I know exactly what you’re going through and I’d love more than anything to tell you that it gets better, but does it really? We just have to learn that what happened to us will never go away, that it replays in our minds constantly until we can’t tell the difference between “there” and “here.”
You asked noose or razor. For now, “keyboard” will do, so you may seek the company of us who will do their upmost to help you through it all.
My thoughts are with you.
Thank you. So much. I’m glad somebody gets it, or is at least trying to.
rare echelon stated that so beautifully …
darlin, as if it is not enough of a burden to go home and to experience tangibly the loneliness and abuse you are experiencing–the added pressure you feel to maintain what amounts to a charade to keep your secrets and to hide your pain…that alone is immensely painful and a very difficult thing to go through.
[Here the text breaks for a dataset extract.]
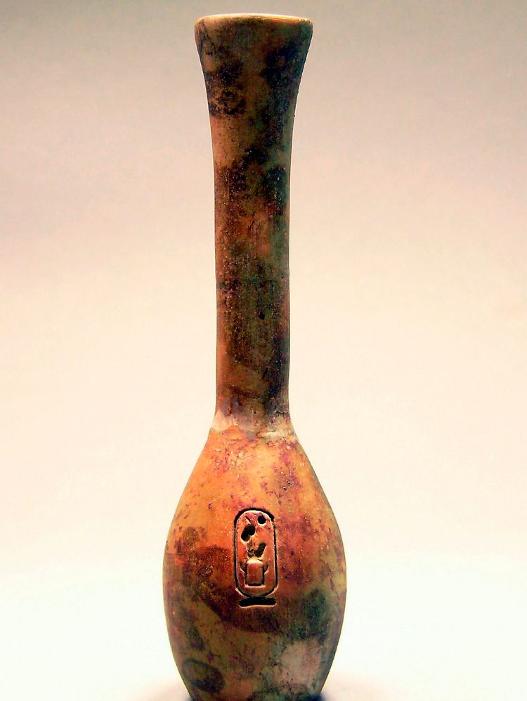 In dem unscheinbaren Fläschchen, das in der Dauerausstellung des Ägyptischen Museums der Uni Bonn zu sehen ist, fanden die Wissenschaftler nicht wie vermutet Parfüm, sondern eine Art Hautpflegelotion für die vermutlich hautkranke Monarchin, die um 1450 vor Christus lebte.
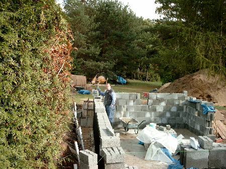 Gemauert wurde mit Hohlbetonsteinen. Korrektes Fluchten, Winkeln und Nivellieren ist unabdingbar, aber nicht einfach - das weiß, wer es probiert hat.

I understand how you feel more than I can express in this mere comment. Suffice it to say that your story in the present takes me back to a time 13…14…15 years ago in my own life.
I want you to know that you would be surprised to know that at your school…in your class…in your neighborhood- you are not alone and I would be willing to bet that there are other people in your circle of “popular” friends who have painful secrets of their own. I say this to emphasize to you that you are perfectly normal and you are not alone in the pain you feel no matter how much it can seem that way sometimes. That pressure to appear “perfect” and “happy” all the time- it really is a heavy burden to place on yourself. I hope you will find the courage to confide in a person that can hug you and relate to you. It is incredibly healing to do so. Be cautious in who you confide in, but I urge you to seek a genuine and authentic friend who you can open up to.
I was that “popular” girl you described. I came to hate the term. ironically, i never felt so lonely as when I was “popular”. People can be cruel. People will try to tear you down if they perceive you as “better” than they are even though it is their own poor image of themselves which is the problem- you are just living your life the best you can.
My heart goes out to you. Please, even if it means telling someone what your mothers boyfriend is doing- he should be held accountable for his actions. he is doing the wrong things- you are a child. he is responsible for his behavior and it is not your burden to protect him or keep his dark secret. I know it will take great courage- but I know you have it in you. Please just dont hurt yourself any more. you dont deserve that. you deserve to be loved and heard and seen for the beautiful soul you possess.
I am here. If you need to talk or a blank page to write- I will never judge you. You are welcome to contact me anytime. My email is yellowbirdsinging@gmail.com. My name is Jynn. You are in my thoughts and I am sending you strength and courage. I hope it reaches you dear heart.
That means more than you will ever know. Thank you so much, your post made me cry but in such a good way. Thank you so so much.